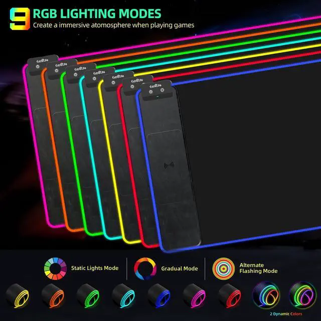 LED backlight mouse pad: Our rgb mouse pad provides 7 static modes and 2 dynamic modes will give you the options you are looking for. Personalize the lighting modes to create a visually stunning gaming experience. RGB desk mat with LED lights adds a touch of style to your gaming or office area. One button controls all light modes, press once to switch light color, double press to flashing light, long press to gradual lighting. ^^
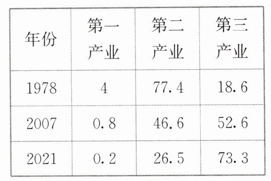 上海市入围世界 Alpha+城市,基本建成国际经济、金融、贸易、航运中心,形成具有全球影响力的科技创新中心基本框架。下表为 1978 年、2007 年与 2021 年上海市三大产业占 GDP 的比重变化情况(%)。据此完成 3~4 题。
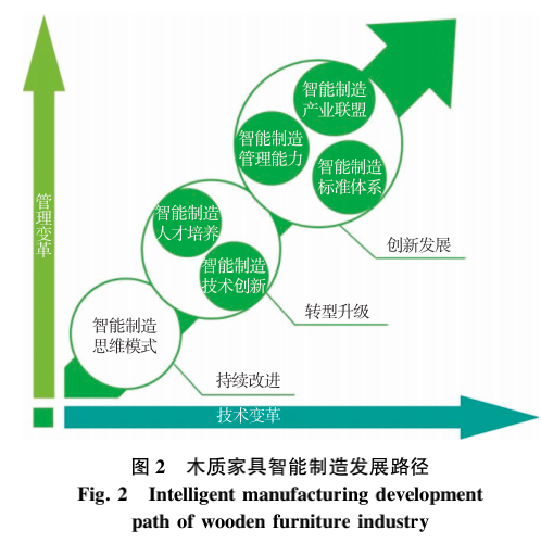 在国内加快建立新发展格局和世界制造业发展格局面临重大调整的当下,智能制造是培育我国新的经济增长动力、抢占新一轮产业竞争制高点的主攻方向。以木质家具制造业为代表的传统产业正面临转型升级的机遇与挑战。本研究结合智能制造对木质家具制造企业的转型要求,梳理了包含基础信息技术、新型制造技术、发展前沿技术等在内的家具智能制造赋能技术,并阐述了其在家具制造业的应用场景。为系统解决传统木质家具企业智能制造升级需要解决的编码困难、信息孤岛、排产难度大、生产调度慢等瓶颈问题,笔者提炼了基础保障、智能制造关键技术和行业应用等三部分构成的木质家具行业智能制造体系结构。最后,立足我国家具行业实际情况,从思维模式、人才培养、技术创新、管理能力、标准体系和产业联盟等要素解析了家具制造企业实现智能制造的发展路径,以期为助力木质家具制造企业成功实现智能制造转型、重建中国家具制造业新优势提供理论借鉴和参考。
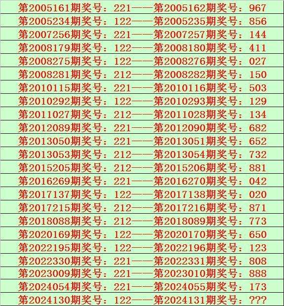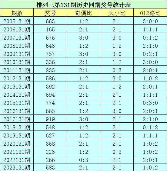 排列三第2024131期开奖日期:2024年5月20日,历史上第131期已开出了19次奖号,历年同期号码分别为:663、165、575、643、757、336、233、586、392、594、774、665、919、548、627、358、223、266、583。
#####
WHAT TO DO
Each line above is to be repeated exactly as written; no picture is carried over.

RESULT
 LED backlight mouse pad: Our rgb mouse pad provides 7 static modes and 2 dynamic modes will give you the options you are looking for. Personalize the lighting modes to create a visually stunning gaming experience. RGB desk mat with LED lights adds a touch of style to your gaming or office area. One button controls all light modes, press once to switch light color, double press to flashing light, long press to gradual lighting. ^^
 上海市入围世界 Alpha+城市,基本建成国际经济、金融、贸易、航运中心,形成具有全球影响力的科技创新中心基本框架。下表为 1978 年、2007 年与 2021 年上海市三大产业占 GDP 的比重变化情况(%)。据此完成 3~4 题。
 在国内加快建立新发展格局和世界制造业发展格局面临重大调整的当下,智能制造是培育我国新的经济增长动力、抢占新一轮产业竞争制高点的主攻方向。以木质家具制造业为代表的传统产业正面临转型升级的机遇与挑战。本研究结合智能制造对木质家具制造企业的转型要求,梳理了包含基础信息技术、新型制造技术、发展前沿技术等在内的家具智能制造赋能技术,并阐述了其在家具制造业的应用场景。为系统解决传统木质家具企业智能制造升级需要解决的编码困难、信息孤岛、排产难度大、生产调度慢等瓶颈问题,笔者提炼了基础保障、智能制造关键技术和行业应用等三部分构成的木质家具行业智能制造体系结构。最后,立足我国家具行业实际情况,从思维模式、人才培养、技术创新、管理能力、标准体系和产业联盟等要素解析了家具制造企业实现智能制造的发展路径,以期为助力木质家具制造企业成功实现智能制造转型、重建中国家具制造业新优势提供理论借鉴和参考。
 排列三第2024131期开奖日期:2024年5月20日,历史上第131期已开出了19次奖号,历年同期号码分别为:663、165、575、643、757、336、233、586、392、594、774、665、919、548、627、358、223、266、583。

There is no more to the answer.